I’ve been one poor writer, lately, and I apologize for this. A swarm of workshops and courses took its toll in late spring and I am only starting to take control of my time again. I come back to this blog exactly two months after the last article, hopefully with something you may find interesting.

First, a warning: please do not consider the content of this post as something carved in stone. Rather, take it as a work-in-progress on a sharpening technique that needs to be tested: it may either work or not, but I think it’s worth trying. There is an action available (link at the end of the post) and you’re free and very welcome to comment if you wish.

Let me reveal, first, that the Mask mentioned in the title is the Unsharp Mask.
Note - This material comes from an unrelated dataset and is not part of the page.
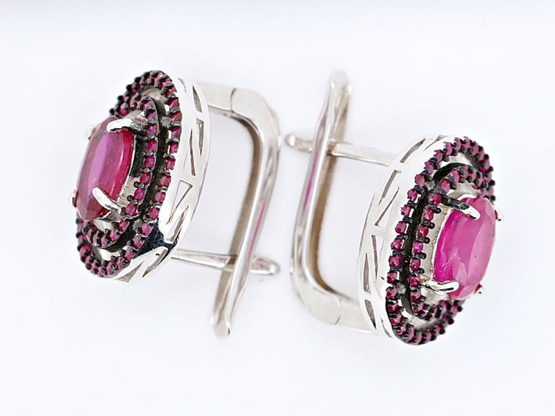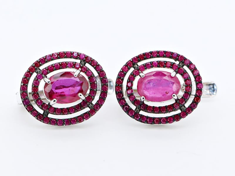 NATURAL BURMESE RUBY EARRINGS ON 925 SILVER - WITH CERTIFICATE

And the reason why it ghosts through is that it comes from a channel which originally doesn’t exist and needs to be built from scratch – although I surmise most of the readers are familiar with it. Let’s start from the beginning.

Long ago and far away

Let’s rewind the tape back to February 2011. That was the month when I and some other well-known friends gathered in Reggello, Tuscany, for the AACT class with Dan Margulis. At the end of the three days I was sitting with Davide Barranca when Dan threw in a seemingly random observation: «do you know how to make a black channel out of RGB?» Er, no, we didn’t. So we were told. Pick any channel you like, duplicate it, and apply the other two in sequence in Screen mode. The result is a very decent imitation of a rather heavy K channel in some imaginary CMYK. Dan called this channel Ersatz Black. I will shorten this to EB from now on.

Fast forward to August 2011. I was in the middle of writing what I consider the most difficult article I ever put together. You can find it in the Help section of the PPW panel under the label H-K. Helmholtz-Kohlrausch, that is. I wrote it after Dan’s request so that the panel could be presented in its fullness at Photoshop World. When I objected that I didn’t know very much about the Helmholtz-Kohlrausch effect I got the reply that I was in good company, because nobody knows that much about the subject. I was daring enough to say that yes, I would try, and set sails for the unknown.

The H-K action in the PPW panel revolves around the EB channel described above. As it often happens, the ramifications of an idea extend far beyond one’s expectations, and at the end of the article the possible use of the EB channel was considered in a number of cases which had little or nothing to do with the H-K action. It was then that an idea slowly started to form.

The Ersatz CMY Madness

Color correction at its best involves some degree of masochism, otherwise we wouldn’t force ourselves to correct color on a screen set to B&W every once in a while. One of the ideas I had since discovering the EB was: «can I produce a working CMYK file entirely from RGB?» This was meant, of course, as an exercise to check how deep my understanding of blend modes was. The rough idea is this: in a generic CMYK separation, the CMY channels are strongly related to their RGB cousins. Basically, with some restraints, they are RGB, but they are lighter when the K channel enters the ring, because K ultimately replaces a certain percentage of C, M and Y. Which percentage exactly depends on a number of factors, like GCR settings and estimated dot gain. All the necessary calculations in a real-world conversion are carried out by Photoshop with very refined algorithms.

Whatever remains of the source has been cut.